Easter heralds the joy of spring, along with all the tulips, birdies, pastel colours and yes, hope. Hope takes many forms: for some, no more crazy people making important global decisions; for others, the mood-enhancing sunlight, for the practical, absolute exultation in the end of snow shovelling, spinning tires and elegant dives into snowdrifts, and for the culinary minded, the return of Asparagus! Fiddleheads! Spring chicken!

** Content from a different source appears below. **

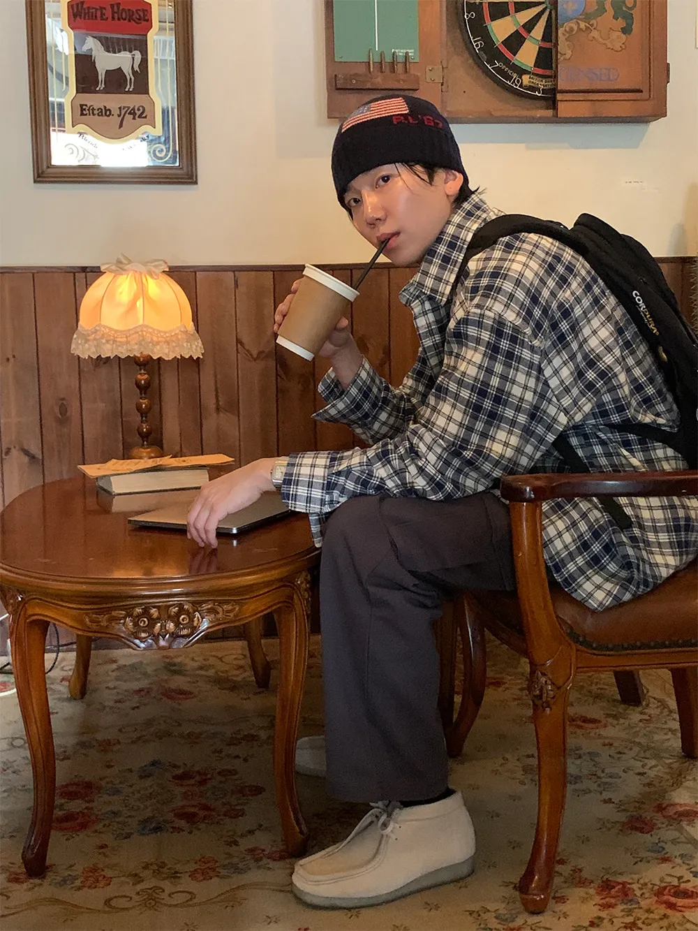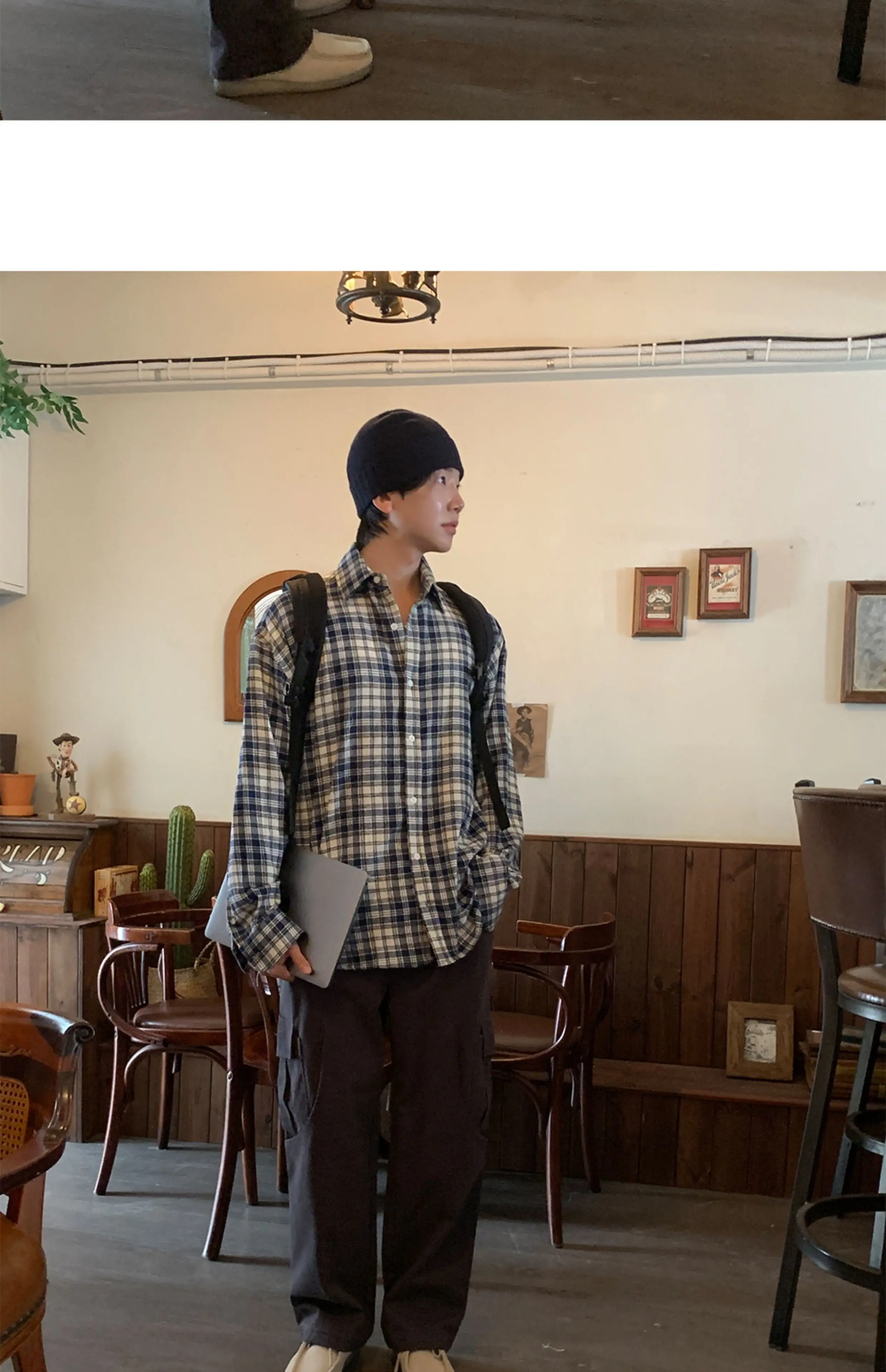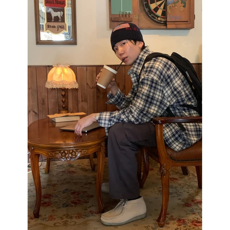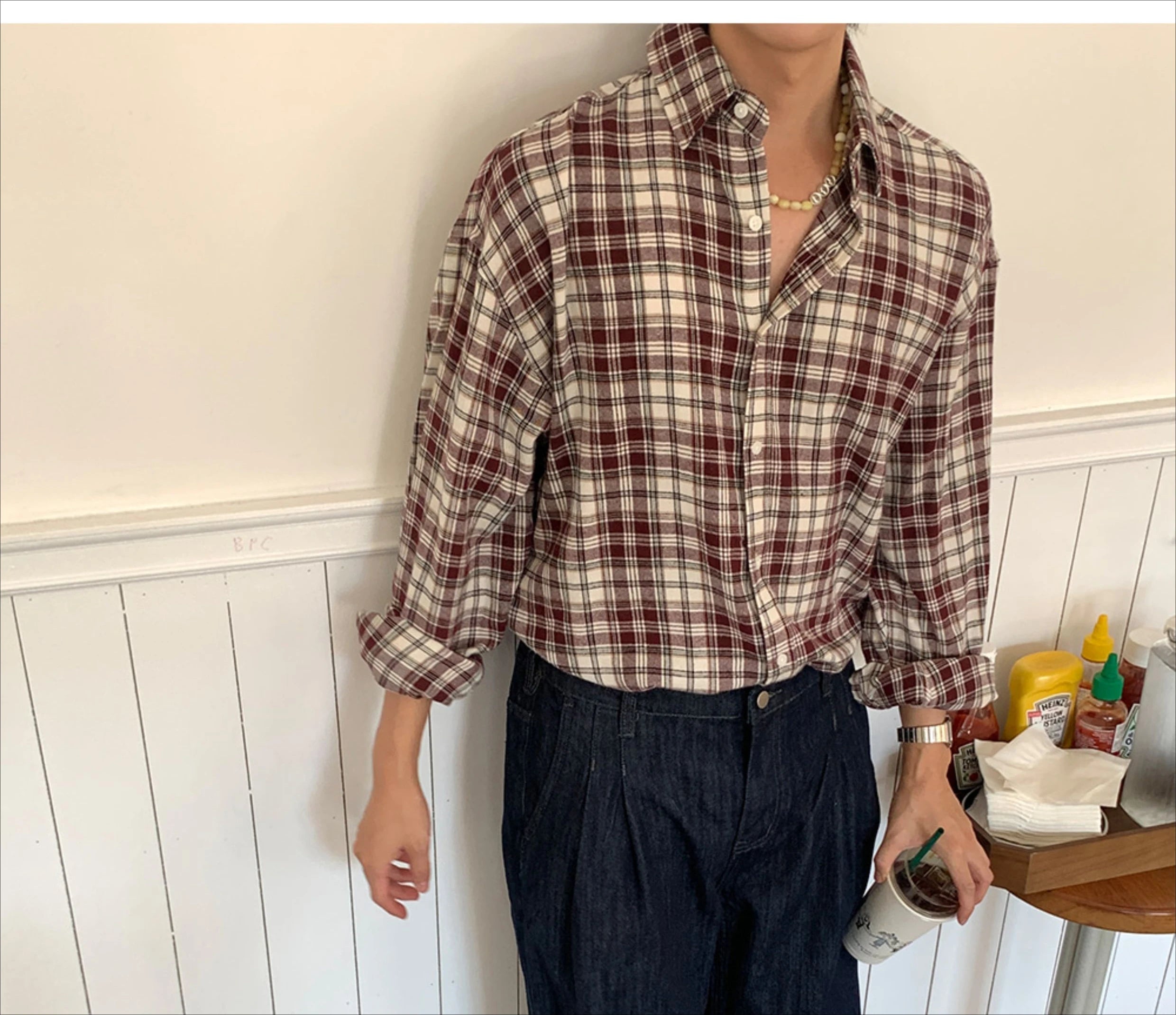 AIDASE - Oversized Men's Plaid Long Sleeve Korean Style Shirt, Trendy Loose Plaid Shirt, Handsome Jacket, Unisex American Retro Plaid

I love making Easter dinner. In the good times, just a few friends or close relatives sit at a table adorned with bunny napkin rings, vases, and candleholders. Break out the bunnies! It’s Easter! I sing as a I trot around, arranging tulips, putting on my springtime CDs, and generally feeling a heck of a lot less stress than that accompanying the often obligatory Christmas feast. Yes, the light peach tablecloth, the pink candles, the pale green napkins! Sometimes, in the midst of this trance of spring celebration, I even manage to present a decent dinner. No matter how hackneyed it may seem to the young and hip, retro deviled eggs are a must at the Easter table. A ham from the supermarket, a jolly roast chicken with lemon and apples, a platter of asparagus, and the constant on my table, a Hungarian cucumber salad, and I improvise the rest, while singing ‘Here Comes Peter Cottontail.’ Every year, I consider trying to create the famous Faberge egg cake (sort of like the Sistine Chapel of baking) and every year, I decide it is better for my mental health, and society, if I put this off for another year. But that is what Easter is about, anticipating tomorrow while living in the now.
I know the Easter Bunny wouldn’t want me to knock myself out slaving over an Easter feast. I figure he wants the spotlight, pattering around, leaving little treats for those of us who still believe in spring.